Geplant ist schon seit dem Winter, dass der Billerbecker nun – gemeinsam mit seinem Co-Trainer Thomas Knipper – den Stuhl räumt und an Frank Averesch übergibt. „Dass ich mich aber so plötzlich daran gewöhnen musste, abends nicht mehr zum Training zu gehen, war schon ungewöhnlich“, zuckt Okon mit den Schultern. Von jetzt auf gleich war mit dem Corona-Lockdown Schluss. Nur zwei Tage vorher hatten sich die VfL-Frauen im Viertelfinale des Kreispokal mit 2:1 bei der SG Coesfeld 06 durchgesetzt. „Immerhin habe ich mich mit einem Sieg verabschiedet“, lacht der Billerbecker, der im nächsten Monat 54 Jahre jung wird. Und das mit einer Notelf, wie so oft in dieser Saison, in der das Verletzungspech erbarmungslos zugeschlagen hat.

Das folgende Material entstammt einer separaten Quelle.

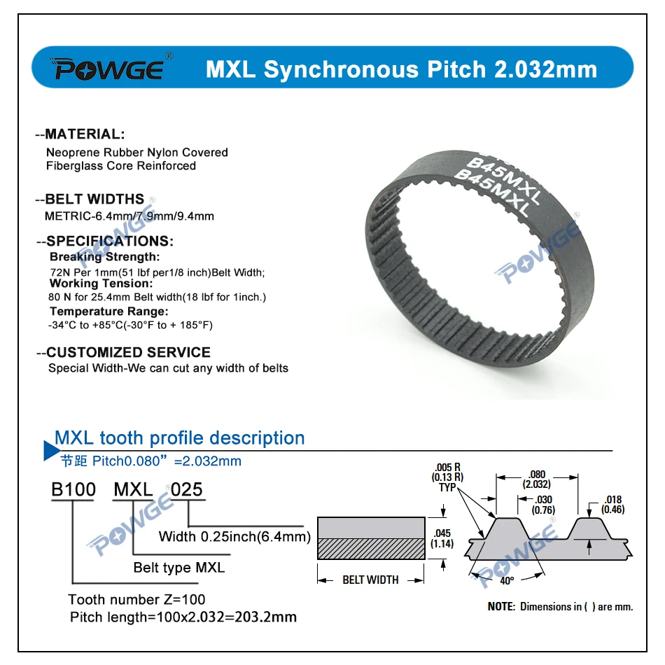 Синхронный ремень синхронизации POWGE MXL шаг 2,032 мм B37B38B40B41...

Klar ist ihm schon jetzt: Da wird etwas fehlen. Deshalb möchte er sich auch bewusst nicht endgültig in den Trainer-Ruhestand verabschieden. „Bis ich 36 Jahre alt war, habe ich selbst gespielt, danach war ich jetzt lange als Trainer aktiv“, blickt er zurück. Mit acht Jahren bei der zweiten und später der ersten Frauenmannschaft des VfL einen langen Abschnitt davon am Helker Berg, unter anderem mit Ute Gers und Thomas Knipper an seiner Seite. Spaß hat es gemacht – so sehr, dass Walter Okon sich sehr gut vorstellen kann, früher oder später wieder einzusteigen. „Sehr gerne im Frauenbereich, aber letztlich bin ich völlig offen“, versichert er. Auch die Ligazugehörigkeit spiele keine Rolle: „Wichtig ist nur, dass die Mannschaft motiviert und ambitioniert ist.“

Bis dahin will er die Gelegenheit nutzen, mal wieder ein paar andere Fußballplätze in der Umgebung unter die Lupe zu nehmen. „Ich muss unbedingt mal wieder auf die Beerlage, da war ich in der vergangenen Saison kein einziges Mal“, freut er sich auf ein Wiedersehen mit seinem Ex-Club. Auch die Heimspiele der Frauen in Billerbeck möchte er regelmäßig besuchen, dem Team und dem neuen Trainer Frank Averesch von außen die Daumen drücken. Und natürlich hier und da in Erinnerungen schwelgen. An den besagten 2:0-Finalsieg im Endspiel um den Westfalenpokal gegen das favorisierte Team von Germania Hauenhorst zum Beispiel. Und noch ein Knüller fällt Okon spontan ein: „Das 4:4-Unentschieden nach 0:4-Rückstand in Siegen.“ Einfach unvergessen.